Tuesday, July 24, 2012

The Five Year Outlook


Outlook for the next 5 years in drug innovation

Roy Berggren, Martin Møller, Rachel Moss, Pawel Poda & Katarzyna Smietana
The decade-long crisis in the productivity of pharmaceutical research and development (R&D) has been widely discussed1, 2. Indeed, expectations of reduced returns on R&D investment have led large companies to scale back their R&D substantially in recent years, and there have also been shifts in R&D investment and activity in particular therapeutic areas by the industry overall.

Nature Reviews Drug Discovery 

Decade long crisis?

What is the value of any five year plan or outlook? No battle plan survives contact with the enemy. The intellectual firepower of this article, likewise, will have to do battle with the reality of an industry that operates randomly. Without control over the randomness of FDA approvals combined with the lack of systematic training and educations that create researchers and research leaders, there is no way to predict our future. Perhaps a better approach would be to look at the 90% false findings in published research and attempt to predict if that will change.


The original assumption in predicting where we will be in five years, is the assumption that we know where we are right now. The assumption that we are in the midst of a ten year crisis is conjecture. The assumption that we can predict the future is just silly. The most scientific thing we could do at this stage of the drug industry would be to define where we are, why we succeed and fail, and what we can do to weed out more of the Cargo Cult. 

Monday, July 23, 2012

More Than a Bachelor Degree

I recently read that higher degrees in computer science are not all that desirable. The skills needed are learned during an undergrad education and mastered on the job.

I was talking with a couple Pfizer scientists. They had a task that they were going to hire a temp to tackle. They needed that person to develop a method to grow their virus in a particular cell line. They went on and on about the virus, the cell line and how the virus was going to be used.
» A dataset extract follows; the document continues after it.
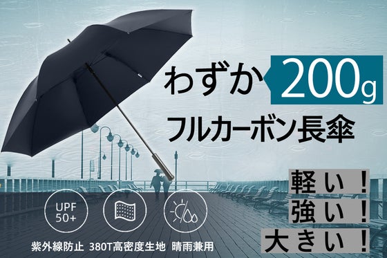 ❶ カーボンファイバーを採用した長傘で重量がわずか200g、驚きの軽さです! ➋「380T高密度撥水」の生地を使用、雨粒...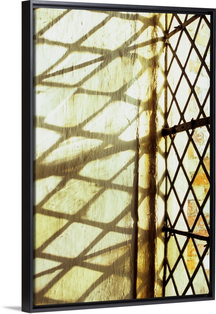 <p>Detail of stone-framed window with diamond-leaded panes of clear or pale yellow glass throwing shadows onto niche wall</p>

They had their narrative down to... a science. So much so that they got the okay to go out and find the temp to do this job. There was two things missing in their narrative regarding the temp. They failed to say "upstream process development" or "design of experiment".
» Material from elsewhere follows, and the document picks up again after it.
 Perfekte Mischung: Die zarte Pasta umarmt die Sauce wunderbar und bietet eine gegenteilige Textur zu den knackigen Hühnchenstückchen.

During this talk the Pfizer scientists mentioned that they had very little written information. The new kid was suppose to show up, read their minds, and complete their project. Ultimately, his/her job would be to figure things out and train his/her superiors how to talk about his/her work. There would be a technology transfer, from the kid, to the people who need to know.
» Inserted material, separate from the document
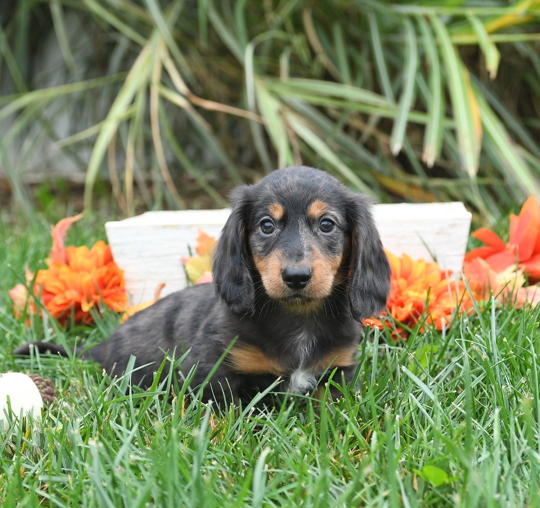 Are you in search of a cute, delightful little companion that will be by your side for many years to come? If so, this precious little Dachshund puppy will be just the thing for you! What better way to spend these beautiful fall days and the years to come than with an adorable new buddy that is sure to bring endless joy and entertainment to any household! This sweetheart is affectionate, friendly, playful and full of fun! His sweet, happy nature, wet puppy kisses and sparkling, kind eyes will melt your heart the moment you meet him! This cutie thrives on human affection and will rarely pass up a chance to curl up in a welcoming lap or loving arms for all the cuddles and snuggles he want. Quest loves attention and is sure to be the center of it no matter where he goes! This darling puppy has been born and raised here at our family home where he is loved and cared for! Quest is well socialized with children and adults and loves to play with everyone of all ages. This pup has been checked and looked over by a trusted veterinarian and is up to date on his dewormer and vaccination shots. He will also come with a thirty day health guarantee for your peace of mind. Quest is also registered under the American Canine Association, which is more commonly known as ACA. When you pick up Quest we will provide a little puppy care package to take home to help him adjust a little easier to his new home. In the package we give a small bag of puppy food, a toy, and a mini blanket. The mother, Esta, and father, Buck both enjoy life on the premises. The mother is a beautiful Black Piebald color and weighs 15 pounds and the father is a stunning Silver Dapple color and weighs 20 pounds. Get ready to start a new adventure with this cutie and imagine all of the memories you will make with the cutest side-kick by your side starting as soon as October 18th! Give us a call today with any questions you might have about the Quest!! #16149

One of the reasons biotech/pharma and science in general has had such a dismal record lately is our faith. We have faith in the PhD. We have faith that the university is spitting out highly skilled minds. We have faith that a PhD is THE prerequisite for getting the job done. In the Pfizer example however, they have no intention of getting the job done. They will sit there like their advisory committee passing judgement, but not designing proper experiments.

What is the purpose of the PhD if they are not the ones designing the experiments? They certainly do not work in the laboratories. When a new biotech/pharma scientist is hired, is it assumed that they know about upstream versus downstream processes? Who trained them to be in the business? Who trained them to be leaders? Do they know how to put together a team? Can any of this be sussed out in a conversation or two that is had during the hiring process? I say no, and the only way to ensure that the PhD gets the additional training is to actually train them.

I give these Pfizer scientists little chance at creating an upstream process for their virus project. They plan on hiring a junior scientist to do all of the work. They have done a fine job of describing the Cargo that they hope for. They have pointed to the sky and explained that the Cargo will come from there. The only thing left is to find someone who knows the proper ceremony to perform. They'll know if he/she succeeds by staring at the sky and waiting.